_DATA:_
________
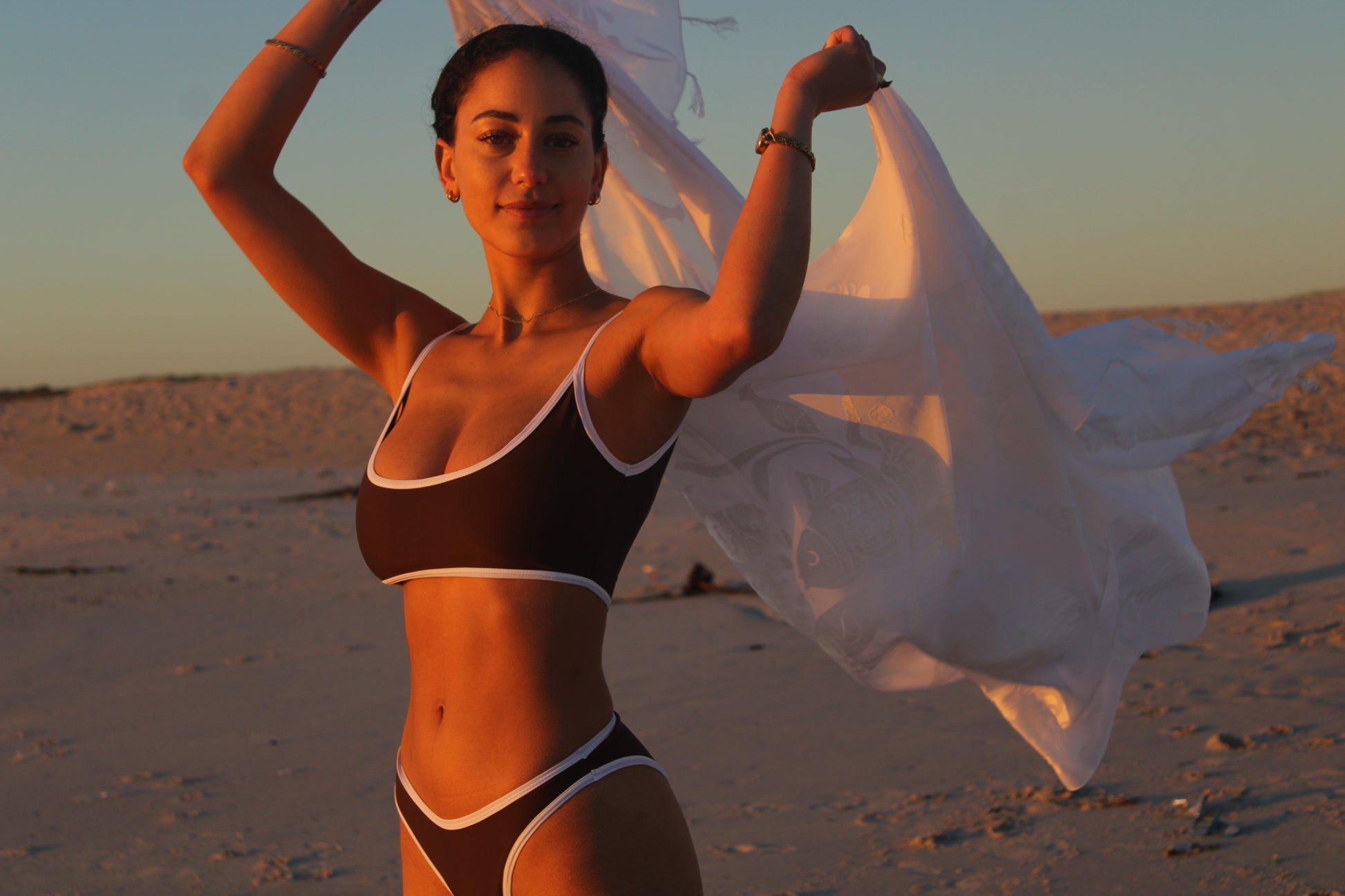 Our gorgeous amphitrite set in the color earth, was designed for our surfer, sporty girls in mind that love a little cheeky bottom but with a slight taste of elegance and coverage. Designed with a high rise cheeky Brazilian bottom and open back top.
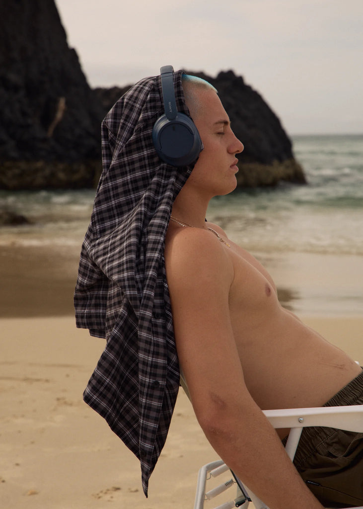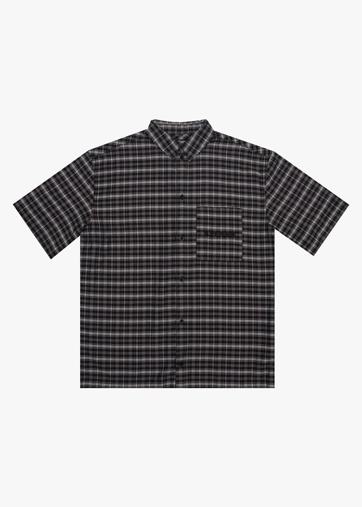 The ‘Darkness’ short sleeve shirt is made with a custom yarn dyed woven check in a lightweight fabrication that blends lyocell and recycled cotton for a comfortable, sustainable feel. Designed with a boxy fit, traditional collar, centre front button up, and left chest patch pocket with embroidered logo.
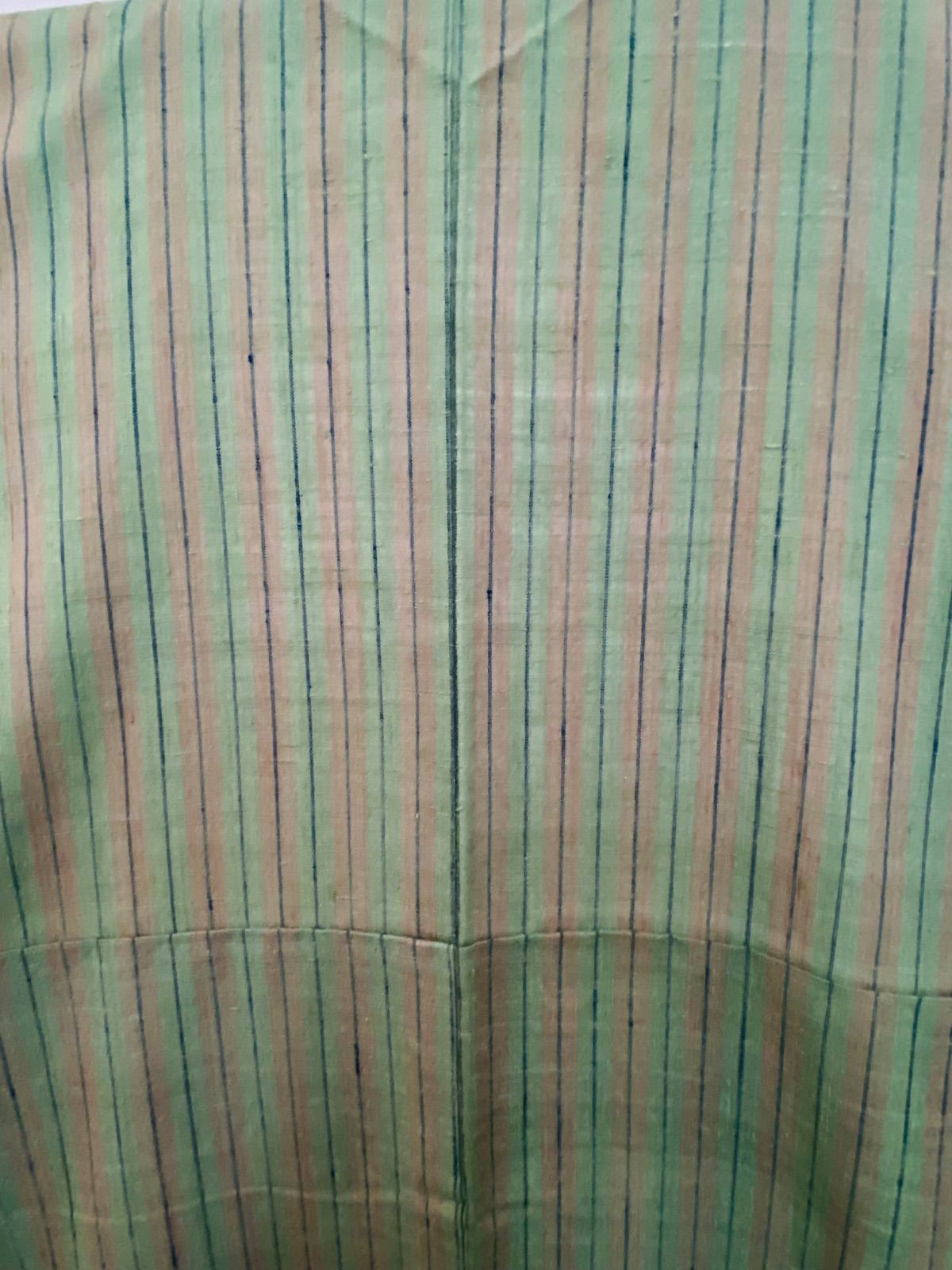 着物 紬 正絹 作家物 太子間道 縦縞模様 袷 緑 オレンジ 着物 和装 OME371の検索結果
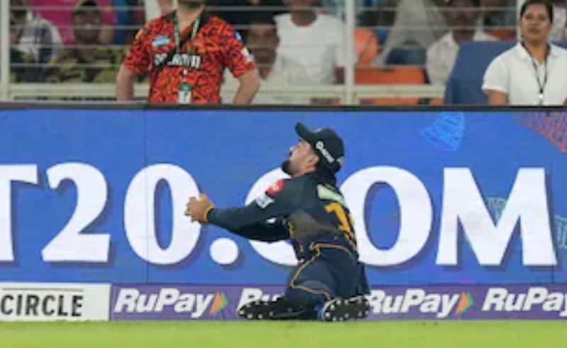 That’s when Rashid sprang into action. Charging in from deep square, he covered serious ground and timed a perfect slide on his knees to pluck the ball out of the air with both hands. The catch left the crowd stunned and his teammates elated, with skipper Shubman Gill and others rushing to celebrate the game-changing moment.
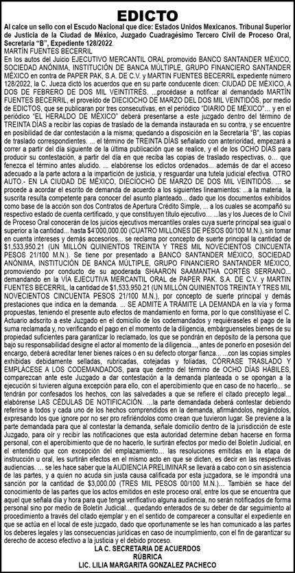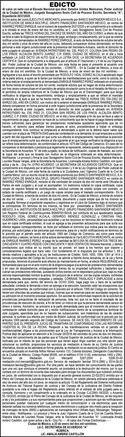 Diario El Heraldo de México. Editor responsable: Alfredo González Castro. Número de Certificado de Reserva otorgado por el Instituto Nacional del Derecho de Autor 04-2009-060419022100-101. Número de Certificado de Licitud de título y Contenido No.16921. Domicilio de la Publicación: Paseo de la Reforma No. 250, Piso 24, Colonia Juárez, Del. Cuauhtémoc, C.P. 06600, Ciudad de México. Imprenta: Impreso en Talleres de La Crónica Diaria , S.A. de C. V. Calzada Azcapotzalco La Villa No. 160 Barrio San Marcos , Alcaldia Azcapotzalco, CP 02020. Publicación Diaria. Todos los derechos están reservados. Queda estrictamente prohibida la reproducción total o parcial de los contenidos e imágenes de esta publicación sin previa autorización de El Heraldo de México. El contenido de los artículos es responsabilidad exclusiva de los autores.
________
_TASK TO CARRY OUT:_ Set down every line above exactly, pictures excluded.

_WRITTEN ANSWER:_
 Our gorgeous amphitrite set in the color earth, was designed for our surfer, sporty girls in mind that love a little cheeky bottom but with a slight taste of elegance and coverage. Designed with a high rise cheeky Brazilian bottom and open back top.
 The ‘Darkness’ short sleeve shirt is made with a custom yarn dyed woven check in a lightweight fabrication that blends lyocell and recycled cotton for a comfortable, sustainable feel. Designed with a boxy fit, traditional collar, centre front button up, and left chest patch pocket with embroidered logo.
 着物 紬 正絹 作家物 太子間道 縦縞模様 袷 緑 オレンジ 着物 和装 OME371の検索結果
 That’s when Rashid sprang into action. Charging in from deep square, he covered serious ground and timed a perfect slide on his knees to pluck the ball out of the air with both hands. The catch left the crowd stunned and his teammates elated, with skipper Shubman Gill and others rushing to celebrate the game-changing moment.
 Diario El Heraldo de México. Editor responsable: Alfredo González Castro. Número de Certificado de Reserva otorgado por el Instituto Nacional del Derecho de Autor 04-2009-060419022100-101. Número de Certificado de Licitud de título y Contenido No.16921. Domicilio de la Publicación: Paseo de la Reforma No. 250, Piso 24, Colonia Juárez, Del. Cuauhtémoc, C.P. 06600, Ciudad de México. Imprenta: Impreso en Talleres de La Crónica Diaria , S.A. de C. V. Calzada Azcapotzalco La Villa No. 160 Barrio San Marcos , Alcaldia Azcapotzalco, CP 02020. Publicación Diaria. Todos los derechos están reservados. Queda estrictamente prohibida la reproducción total o parcial de los contenidos e imágenes de esta publicación sin previa autorización de El Heraldo de México. El contenido de los artículos es responsabilidad exclusiva de los autores.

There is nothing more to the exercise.